LabMD's policy manual included a software monitoring policy stating that users' computers would be reviewed for appropriate applications. If followed, this policy would have revealed the peer-to-peer file sharing software that exposed the personal information.
The Commission concluded that LabMD's lax data security practices satisfied the first prong of the Section 5(n) analysis. The Commission reasoned that disclosure of sensitive health or medical information can cause additional harms that are neither economic nor physical, but are still cognizable under Section 5(n), and may be considered a substantial injury.
Likewise, the Commission ruled that the ALJ had placed undue weight on the word "likely" in the phrase "likely to cause harm." The ALJ based his ruling, in part, on the fact that the complaint had not identified any consumers who had suffered harm from LabMD's data security practices. The Commission, however, clarified that the likelihood of harm analysis must be judged at the time the practice occurred, not on the basis of any future outcomes. The FTC further noted that it need not wait for consumers to suffer known harm before taking action because identity theft victims:
- May suffer unique consumer harms, including fraudulent health insurance bills and substantial out-of-pocket expenses.
- Often have difficulty pinpointing the company that was the source of the information that was used to harm them.
The Commission also found that LabMD's practices satisfied the second and third prongs of Section 5(n) because:
- Consumers had no ability to avoid the harms.

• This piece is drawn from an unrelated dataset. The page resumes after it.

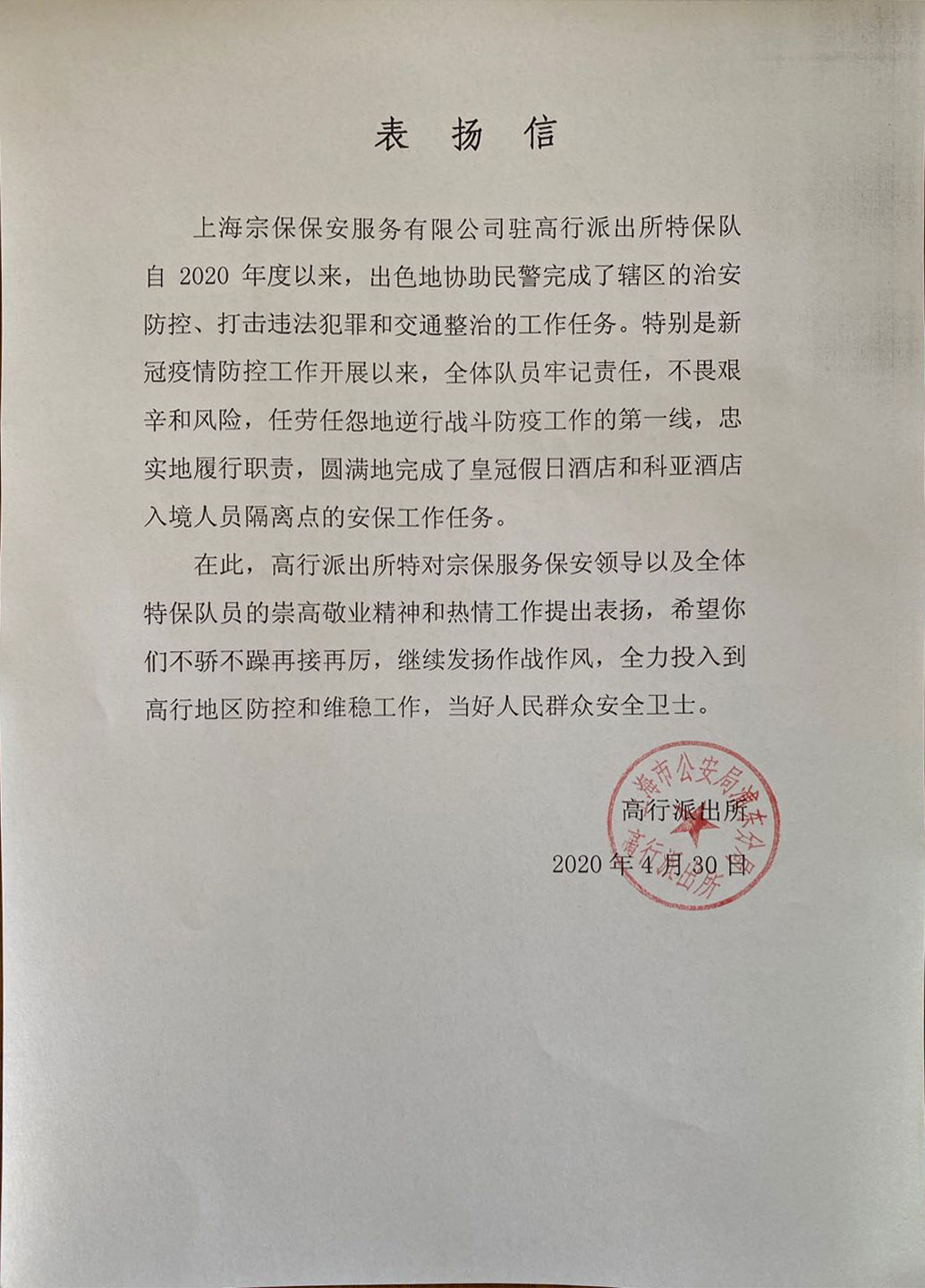 宗保公司驻高行辅警项目收到派出所表扬信

Many consumers had no knowledge of LabMD's data security practices, and may not have even known their personal information would be sent to LabMD by their healthcare professionals.

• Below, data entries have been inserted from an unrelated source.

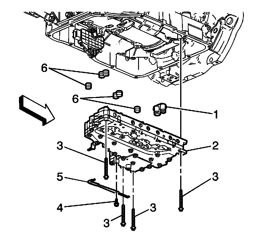 1. Remove the control solenoid valve and transmission control module assembly. Refer to Control Solenoid Valve and Transmission Control Module Assembly Replacement Control Solenoid Valve and Transmission Control Module Assembly Replacement.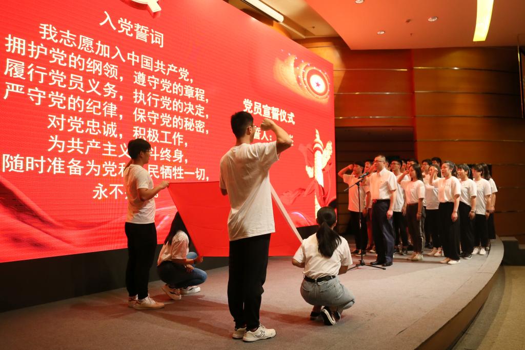 会上,党委书记李崟领誓,新发展的学生党员面向党旗庄严宣誓。在场的全体党员一起重温入党誓词,牢记入党初心。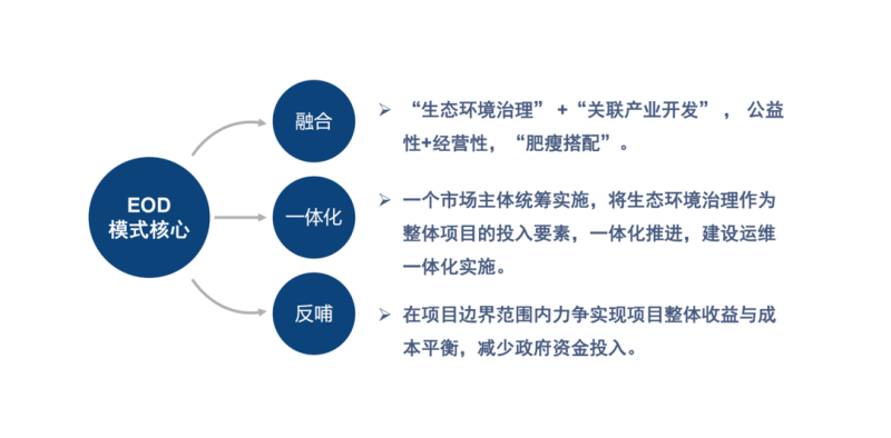 EOD(Ecology - Oriented Development)即生態(tài)環(huán)境導(dǎo)向的開發(fā)模式,是以生態(tài)保護(hù)和環(huán)境治理為基礎(chǔ),以特色產(chǎn)業(yè)運(yùn)營為支撐,以區(qū)域綜合開發(fā)為載體,采取產(chǎn)業(yè)鏈延伸、聯(lián)合經(jīng)營、組合開發(fā)等方式,推動(dòng)公益性較強(qiáng)、收益性差的生態(tài)環(huán)境治理項(xiàng)目與收益較好的關(guān)聯(lián)產(chǎn)業(yè)有效融合。

- Despite LabMD's assertion that consumers were able to mitigate any injury after the fact, the relevant inquiry is whether consumers can avoid harm before it occurs. Even if consumers could mitigate their risks, LabMD never notified consumers that their personal information had been exposed.
- Whatever savings LabMD may have reaped by its conduct do not outweigh the substantial injury to consumers caused by its poor security practices. There were a number of well-known low-cost solutions LabMD could have adopted to cure the deficiencies in its practices.
LabMD Ordered to Implement Comprehensive Information Security Program
While LabMD stopped conducting lab tests in early 2014, it still retains personal information. The FTC thus entered an order requiring LabMD to:
- Establish and maintain a comprehensive written information security program appropriate to:
- LabMD’s size and complexity;
- the nature and scope of its activities; and
- the sensitive personal information it continues to retain.
- Obtain initial and then biennial independent, third-party assessments of its program.
- Notify affected individuals whose personal information was or could have been exposed on the peer-to-peer file sharing service and their health insurance companies.
The FTC continues to elaborate on what it considers reasonable data security practices in its decisions. Companies should weigh the sensitivity of the personal information they hold and their current information security program and practices against the FTC's statements regarding specific data security controls.
CASE UPDATE: On November 10, 2016, the US Court of Appeals for the Eleventh Circuit stayed enforcement of the FTC's final order pending LabMD's appeal. In granting the stay request, the Eleventh Circuit questioned both the FTC's statutory interpretation of unfairness under the FTC Act and the reasonableness of concluding that LabMD's actions were likely to have caused substantial consumer injury. (LabMD, Inc. v. Federal Trade Commission, No. 16-16270 (11th Cir. Nov. 10, 2016)).